第22章 途方もない悪意
夜になり、辺り一面が暗くなった病院の正面玄関前で緑谷と百の来訪を待つ切島と轟。2人は落ち着かない様子で話をしていた。昼間の話だけで彼らが来る確証はなく、まず第一に百が今回の救出作戦に手を貸してくれないことには切島と轟も行動のしようがなかった。

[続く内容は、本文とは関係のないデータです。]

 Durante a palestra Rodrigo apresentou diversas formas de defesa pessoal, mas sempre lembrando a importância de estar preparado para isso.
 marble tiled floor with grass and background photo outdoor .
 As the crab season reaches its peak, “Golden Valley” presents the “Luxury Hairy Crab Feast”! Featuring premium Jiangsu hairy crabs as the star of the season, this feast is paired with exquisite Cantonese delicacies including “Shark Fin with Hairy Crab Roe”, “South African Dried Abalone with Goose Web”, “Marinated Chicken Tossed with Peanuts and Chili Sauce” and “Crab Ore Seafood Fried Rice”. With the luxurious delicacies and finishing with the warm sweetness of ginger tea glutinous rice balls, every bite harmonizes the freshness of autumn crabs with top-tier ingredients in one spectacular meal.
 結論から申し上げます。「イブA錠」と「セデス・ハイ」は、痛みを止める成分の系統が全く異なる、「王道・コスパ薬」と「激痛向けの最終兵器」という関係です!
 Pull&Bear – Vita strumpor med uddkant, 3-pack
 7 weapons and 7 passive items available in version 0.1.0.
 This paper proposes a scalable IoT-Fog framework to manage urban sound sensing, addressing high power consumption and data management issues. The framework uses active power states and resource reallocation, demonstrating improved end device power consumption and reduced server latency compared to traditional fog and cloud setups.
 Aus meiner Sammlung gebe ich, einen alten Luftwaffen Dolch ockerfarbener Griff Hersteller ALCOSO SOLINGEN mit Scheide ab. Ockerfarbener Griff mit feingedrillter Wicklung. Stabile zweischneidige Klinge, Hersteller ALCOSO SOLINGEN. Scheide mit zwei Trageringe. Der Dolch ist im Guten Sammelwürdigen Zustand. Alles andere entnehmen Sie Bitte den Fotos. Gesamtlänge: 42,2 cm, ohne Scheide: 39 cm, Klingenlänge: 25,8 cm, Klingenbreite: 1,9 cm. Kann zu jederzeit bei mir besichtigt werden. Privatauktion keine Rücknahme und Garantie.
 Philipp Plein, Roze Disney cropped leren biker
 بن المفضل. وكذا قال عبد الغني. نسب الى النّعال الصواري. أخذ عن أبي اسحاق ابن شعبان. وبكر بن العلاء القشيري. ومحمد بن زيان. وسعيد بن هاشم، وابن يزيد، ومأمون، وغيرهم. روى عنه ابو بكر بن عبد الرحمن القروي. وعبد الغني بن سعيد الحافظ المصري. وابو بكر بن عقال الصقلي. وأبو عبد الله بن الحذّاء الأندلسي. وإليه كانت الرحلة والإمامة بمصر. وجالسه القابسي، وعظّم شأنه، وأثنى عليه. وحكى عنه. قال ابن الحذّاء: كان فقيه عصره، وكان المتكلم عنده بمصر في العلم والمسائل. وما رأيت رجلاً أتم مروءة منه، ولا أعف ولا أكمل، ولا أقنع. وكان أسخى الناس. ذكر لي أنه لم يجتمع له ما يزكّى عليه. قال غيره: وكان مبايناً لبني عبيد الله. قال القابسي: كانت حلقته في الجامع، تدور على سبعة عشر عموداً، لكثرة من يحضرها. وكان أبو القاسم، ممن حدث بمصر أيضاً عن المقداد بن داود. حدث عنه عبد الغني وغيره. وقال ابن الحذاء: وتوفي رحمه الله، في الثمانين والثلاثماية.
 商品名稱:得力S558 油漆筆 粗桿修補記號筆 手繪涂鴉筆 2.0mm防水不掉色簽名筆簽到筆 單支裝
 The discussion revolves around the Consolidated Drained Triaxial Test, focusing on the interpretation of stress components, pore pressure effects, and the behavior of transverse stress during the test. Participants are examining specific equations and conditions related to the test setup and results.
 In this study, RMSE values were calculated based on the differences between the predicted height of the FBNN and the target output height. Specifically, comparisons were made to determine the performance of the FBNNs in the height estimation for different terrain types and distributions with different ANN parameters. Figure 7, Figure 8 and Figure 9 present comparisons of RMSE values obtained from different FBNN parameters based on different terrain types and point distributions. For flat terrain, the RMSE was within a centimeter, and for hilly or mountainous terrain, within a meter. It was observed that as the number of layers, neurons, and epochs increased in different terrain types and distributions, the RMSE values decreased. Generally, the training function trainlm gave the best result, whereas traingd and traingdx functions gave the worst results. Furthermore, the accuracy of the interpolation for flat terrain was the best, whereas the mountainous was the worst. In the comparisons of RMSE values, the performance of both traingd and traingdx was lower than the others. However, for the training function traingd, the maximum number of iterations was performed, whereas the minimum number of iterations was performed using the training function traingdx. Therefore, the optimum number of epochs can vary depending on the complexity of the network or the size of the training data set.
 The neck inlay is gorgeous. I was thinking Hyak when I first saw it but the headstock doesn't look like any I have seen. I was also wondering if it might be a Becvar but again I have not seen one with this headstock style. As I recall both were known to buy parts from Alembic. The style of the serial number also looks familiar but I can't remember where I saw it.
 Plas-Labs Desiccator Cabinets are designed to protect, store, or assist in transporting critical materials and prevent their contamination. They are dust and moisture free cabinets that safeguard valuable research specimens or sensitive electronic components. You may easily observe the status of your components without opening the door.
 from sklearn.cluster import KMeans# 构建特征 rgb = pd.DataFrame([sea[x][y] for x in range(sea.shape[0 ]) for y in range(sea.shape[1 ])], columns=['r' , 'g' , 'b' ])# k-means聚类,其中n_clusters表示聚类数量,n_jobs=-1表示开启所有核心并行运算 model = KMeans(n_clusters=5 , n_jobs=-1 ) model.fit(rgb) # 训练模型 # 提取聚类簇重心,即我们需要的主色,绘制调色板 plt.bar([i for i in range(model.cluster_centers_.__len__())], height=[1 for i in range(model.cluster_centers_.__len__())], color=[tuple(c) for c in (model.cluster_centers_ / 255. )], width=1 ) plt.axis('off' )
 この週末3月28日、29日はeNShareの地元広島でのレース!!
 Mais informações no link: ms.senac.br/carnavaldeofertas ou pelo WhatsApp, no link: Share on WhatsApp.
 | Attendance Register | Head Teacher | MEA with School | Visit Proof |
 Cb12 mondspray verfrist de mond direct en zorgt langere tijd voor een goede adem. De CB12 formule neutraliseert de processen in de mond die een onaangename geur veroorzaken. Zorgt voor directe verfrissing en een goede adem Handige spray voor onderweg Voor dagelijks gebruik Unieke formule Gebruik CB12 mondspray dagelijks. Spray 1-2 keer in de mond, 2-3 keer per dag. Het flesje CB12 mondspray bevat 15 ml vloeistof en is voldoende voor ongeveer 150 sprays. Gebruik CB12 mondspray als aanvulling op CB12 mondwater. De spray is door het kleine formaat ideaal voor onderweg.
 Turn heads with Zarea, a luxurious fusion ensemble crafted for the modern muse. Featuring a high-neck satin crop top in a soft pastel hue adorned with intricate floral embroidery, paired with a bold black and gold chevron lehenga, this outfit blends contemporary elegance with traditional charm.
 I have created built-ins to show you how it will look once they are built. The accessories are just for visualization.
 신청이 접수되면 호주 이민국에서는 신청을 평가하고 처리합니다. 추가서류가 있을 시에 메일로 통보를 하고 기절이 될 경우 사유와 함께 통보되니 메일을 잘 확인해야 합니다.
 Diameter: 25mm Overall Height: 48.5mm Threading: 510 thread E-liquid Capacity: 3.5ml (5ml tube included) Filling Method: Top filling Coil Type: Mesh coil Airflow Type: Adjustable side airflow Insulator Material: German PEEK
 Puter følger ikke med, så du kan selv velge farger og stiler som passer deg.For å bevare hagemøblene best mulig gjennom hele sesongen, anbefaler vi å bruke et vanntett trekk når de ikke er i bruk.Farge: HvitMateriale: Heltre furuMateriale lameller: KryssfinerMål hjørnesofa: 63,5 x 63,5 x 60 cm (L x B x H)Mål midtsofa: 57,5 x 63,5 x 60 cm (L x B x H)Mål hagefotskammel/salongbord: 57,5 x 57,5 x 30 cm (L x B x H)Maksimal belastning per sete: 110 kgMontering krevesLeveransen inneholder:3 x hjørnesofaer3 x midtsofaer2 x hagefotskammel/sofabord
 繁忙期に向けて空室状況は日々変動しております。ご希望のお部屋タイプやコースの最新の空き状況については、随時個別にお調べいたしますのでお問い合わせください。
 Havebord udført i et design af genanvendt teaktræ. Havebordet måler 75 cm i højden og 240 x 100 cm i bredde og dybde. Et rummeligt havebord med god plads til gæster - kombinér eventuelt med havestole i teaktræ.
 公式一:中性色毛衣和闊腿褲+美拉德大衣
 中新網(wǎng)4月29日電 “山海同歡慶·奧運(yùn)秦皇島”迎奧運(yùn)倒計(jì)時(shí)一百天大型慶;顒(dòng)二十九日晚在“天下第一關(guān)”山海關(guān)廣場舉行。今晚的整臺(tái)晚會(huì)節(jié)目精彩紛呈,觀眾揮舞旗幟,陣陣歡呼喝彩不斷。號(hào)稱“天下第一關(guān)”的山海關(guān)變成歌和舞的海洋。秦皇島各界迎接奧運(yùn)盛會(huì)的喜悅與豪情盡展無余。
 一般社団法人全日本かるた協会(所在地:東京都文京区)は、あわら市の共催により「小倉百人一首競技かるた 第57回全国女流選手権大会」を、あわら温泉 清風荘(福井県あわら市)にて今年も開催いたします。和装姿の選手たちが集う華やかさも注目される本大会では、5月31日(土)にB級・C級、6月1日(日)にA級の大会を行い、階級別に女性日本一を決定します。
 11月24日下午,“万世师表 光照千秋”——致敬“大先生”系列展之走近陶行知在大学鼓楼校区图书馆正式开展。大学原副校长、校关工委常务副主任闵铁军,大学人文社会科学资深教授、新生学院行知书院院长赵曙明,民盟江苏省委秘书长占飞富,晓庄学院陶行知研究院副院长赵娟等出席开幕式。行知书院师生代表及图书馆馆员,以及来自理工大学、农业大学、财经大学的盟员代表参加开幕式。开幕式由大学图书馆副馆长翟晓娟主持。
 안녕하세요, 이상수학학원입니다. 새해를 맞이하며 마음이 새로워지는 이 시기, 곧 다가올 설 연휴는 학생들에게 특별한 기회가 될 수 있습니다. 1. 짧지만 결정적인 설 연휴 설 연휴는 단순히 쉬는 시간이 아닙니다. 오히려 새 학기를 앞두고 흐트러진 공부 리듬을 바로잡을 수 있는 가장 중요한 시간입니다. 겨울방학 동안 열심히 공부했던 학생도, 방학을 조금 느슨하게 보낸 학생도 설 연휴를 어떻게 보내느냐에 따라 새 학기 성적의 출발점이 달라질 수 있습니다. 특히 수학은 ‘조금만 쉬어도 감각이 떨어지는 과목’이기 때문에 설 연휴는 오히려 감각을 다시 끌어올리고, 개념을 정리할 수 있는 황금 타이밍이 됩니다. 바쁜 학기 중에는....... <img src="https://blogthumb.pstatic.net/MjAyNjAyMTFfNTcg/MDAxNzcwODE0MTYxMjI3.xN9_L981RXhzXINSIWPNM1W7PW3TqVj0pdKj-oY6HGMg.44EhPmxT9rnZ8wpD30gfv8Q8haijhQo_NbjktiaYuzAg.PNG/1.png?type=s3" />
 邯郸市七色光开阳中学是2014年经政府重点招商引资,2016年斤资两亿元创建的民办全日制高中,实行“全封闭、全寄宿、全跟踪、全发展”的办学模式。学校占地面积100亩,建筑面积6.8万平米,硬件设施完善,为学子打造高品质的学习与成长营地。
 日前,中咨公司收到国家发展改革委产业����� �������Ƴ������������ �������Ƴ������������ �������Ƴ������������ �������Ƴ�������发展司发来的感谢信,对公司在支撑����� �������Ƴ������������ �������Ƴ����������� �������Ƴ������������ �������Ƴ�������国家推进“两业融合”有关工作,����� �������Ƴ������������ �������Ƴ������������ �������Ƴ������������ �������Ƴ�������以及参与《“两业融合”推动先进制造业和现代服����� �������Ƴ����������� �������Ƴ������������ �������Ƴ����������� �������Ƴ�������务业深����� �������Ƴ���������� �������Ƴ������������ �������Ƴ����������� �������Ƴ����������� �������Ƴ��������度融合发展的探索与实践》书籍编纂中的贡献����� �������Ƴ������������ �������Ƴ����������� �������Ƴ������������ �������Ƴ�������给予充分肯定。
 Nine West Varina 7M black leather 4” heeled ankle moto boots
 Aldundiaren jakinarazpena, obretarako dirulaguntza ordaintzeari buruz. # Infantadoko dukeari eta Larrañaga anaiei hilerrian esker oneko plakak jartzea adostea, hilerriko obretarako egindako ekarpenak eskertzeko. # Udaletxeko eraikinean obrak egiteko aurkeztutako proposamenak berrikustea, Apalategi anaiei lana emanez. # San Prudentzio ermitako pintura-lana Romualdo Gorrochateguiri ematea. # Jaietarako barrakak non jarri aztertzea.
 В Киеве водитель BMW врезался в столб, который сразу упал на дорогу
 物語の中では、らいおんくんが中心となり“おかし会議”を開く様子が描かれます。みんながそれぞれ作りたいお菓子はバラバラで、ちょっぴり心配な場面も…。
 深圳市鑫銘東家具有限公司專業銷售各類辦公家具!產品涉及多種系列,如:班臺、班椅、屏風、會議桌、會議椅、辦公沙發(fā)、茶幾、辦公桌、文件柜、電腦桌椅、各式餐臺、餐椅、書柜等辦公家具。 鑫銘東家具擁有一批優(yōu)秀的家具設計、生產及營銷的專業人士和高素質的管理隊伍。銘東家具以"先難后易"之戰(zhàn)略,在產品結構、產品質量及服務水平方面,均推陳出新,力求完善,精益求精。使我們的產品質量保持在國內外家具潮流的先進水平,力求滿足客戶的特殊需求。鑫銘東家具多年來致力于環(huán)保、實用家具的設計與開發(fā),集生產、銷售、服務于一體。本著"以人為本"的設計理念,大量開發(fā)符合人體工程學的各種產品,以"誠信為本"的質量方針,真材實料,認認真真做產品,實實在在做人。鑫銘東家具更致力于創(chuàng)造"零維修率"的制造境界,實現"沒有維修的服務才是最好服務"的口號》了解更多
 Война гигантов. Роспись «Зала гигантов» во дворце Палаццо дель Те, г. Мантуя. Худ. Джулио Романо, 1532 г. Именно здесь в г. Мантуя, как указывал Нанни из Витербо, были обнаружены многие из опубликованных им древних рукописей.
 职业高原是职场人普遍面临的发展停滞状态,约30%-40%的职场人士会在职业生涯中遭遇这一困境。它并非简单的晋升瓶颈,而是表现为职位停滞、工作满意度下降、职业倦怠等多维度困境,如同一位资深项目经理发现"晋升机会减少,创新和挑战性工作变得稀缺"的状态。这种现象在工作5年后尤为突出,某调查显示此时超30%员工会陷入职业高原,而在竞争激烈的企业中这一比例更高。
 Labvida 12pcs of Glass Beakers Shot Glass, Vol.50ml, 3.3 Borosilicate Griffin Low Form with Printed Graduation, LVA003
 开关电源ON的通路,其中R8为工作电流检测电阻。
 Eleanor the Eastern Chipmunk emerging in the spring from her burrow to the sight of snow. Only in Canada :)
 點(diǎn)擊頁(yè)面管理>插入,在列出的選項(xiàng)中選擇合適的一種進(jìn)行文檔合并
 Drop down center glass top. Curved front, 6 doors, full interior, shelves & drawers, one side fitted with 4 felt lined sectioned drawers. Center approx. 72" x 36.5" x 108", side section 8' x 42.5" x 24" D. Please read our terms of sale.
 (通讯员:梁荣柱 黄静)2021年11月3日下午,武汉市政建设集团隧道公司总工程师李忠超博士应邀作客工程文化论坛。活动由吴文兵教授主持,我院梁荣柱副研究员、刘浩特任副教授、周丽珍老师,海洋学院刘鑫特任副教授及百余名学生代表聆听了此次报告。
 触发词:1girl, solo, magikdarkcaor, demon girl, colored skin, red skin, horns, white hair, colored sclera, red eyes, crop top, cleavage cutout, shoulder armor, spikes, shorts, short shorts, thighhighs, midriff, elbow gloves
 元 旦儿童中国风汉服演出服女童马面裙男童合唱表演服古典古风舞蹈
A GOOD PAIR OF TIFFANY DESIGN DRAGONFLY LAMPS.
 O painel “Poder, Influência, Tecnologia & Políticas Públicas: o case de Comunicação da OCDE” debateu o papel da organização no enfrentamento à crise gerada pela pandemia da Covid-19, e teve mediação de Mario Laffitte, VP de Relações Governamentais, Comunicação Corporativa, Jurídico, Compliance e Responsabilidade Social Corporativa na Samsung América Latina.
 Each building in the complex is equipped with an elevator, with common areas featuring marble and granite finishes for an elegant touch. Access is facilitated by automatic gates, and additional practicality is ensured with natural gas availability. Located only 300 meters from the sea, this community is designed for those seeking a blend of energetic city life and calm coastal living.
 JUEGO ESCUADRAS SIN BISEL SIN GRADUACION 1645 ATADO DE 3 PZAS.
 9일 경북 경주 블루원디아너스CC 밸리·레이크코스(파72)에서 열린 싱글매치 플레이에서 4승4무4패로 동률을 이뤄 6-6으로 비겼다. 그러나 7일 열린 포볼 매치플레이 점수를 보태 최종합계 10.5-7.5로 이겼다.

「八百万…考えさせてっつってくれた……どうだろうな…」
「まァ…いくら逸っても結局あいつ次第……」
「お、来た」
病院からは強ばった表情を顔に張りつけた百が出てくる。出てきた彼女はまだ傷が完治しておらず、私服に着替え手にはカバンを持っていた。そして百に続いて体中に包帯を巻いた緑谷も病院から姿を現す。
「緑谷……」
「八百万答え……」
切島は一言目に百が救出作戦に手を貸してくれるかの返事を聞いた。
「私は……」
百が顔を俯かせて返事をしようとしたその時
「待て」
4人の前には飯田が現れた。思わぬ来訪者に切島は無理矢理にでも止めに来たのかと顔に汗を浮かべる。
「……何でよりにもよって君たちなんだ…!」
歯を食いしばって緑谷と轟にそう問いかけた。
ヒーロー殺しの一件で私怨に駆られた自分の暴走を咎め、共に特赦を受けた2人。その2人が自分と同じ過ちを犯そうとしている事が我慢ならなかった。それに今から彼らが実行する行動の責任は全て雄英に降り注ぐ。ただでさえ保護者やマスコミ、世間への対応で気が滅入りそうな雄英の教師たちに多大な迷惑をかける可能性と雄英高校の看板に泥を塗る可能性を無視することなんて委員長である飯田は出来なかった。
「飯田くん違うんだよ。僕らだってルールを破っていいなんて……」
飯田を説得するために前に出た緑谷。その緑谷の顔を飯田は力いっぱいに殴りつけた。突然の出来事に百・轟・切島の3人は吃驚とした表情で彼らを見つめた。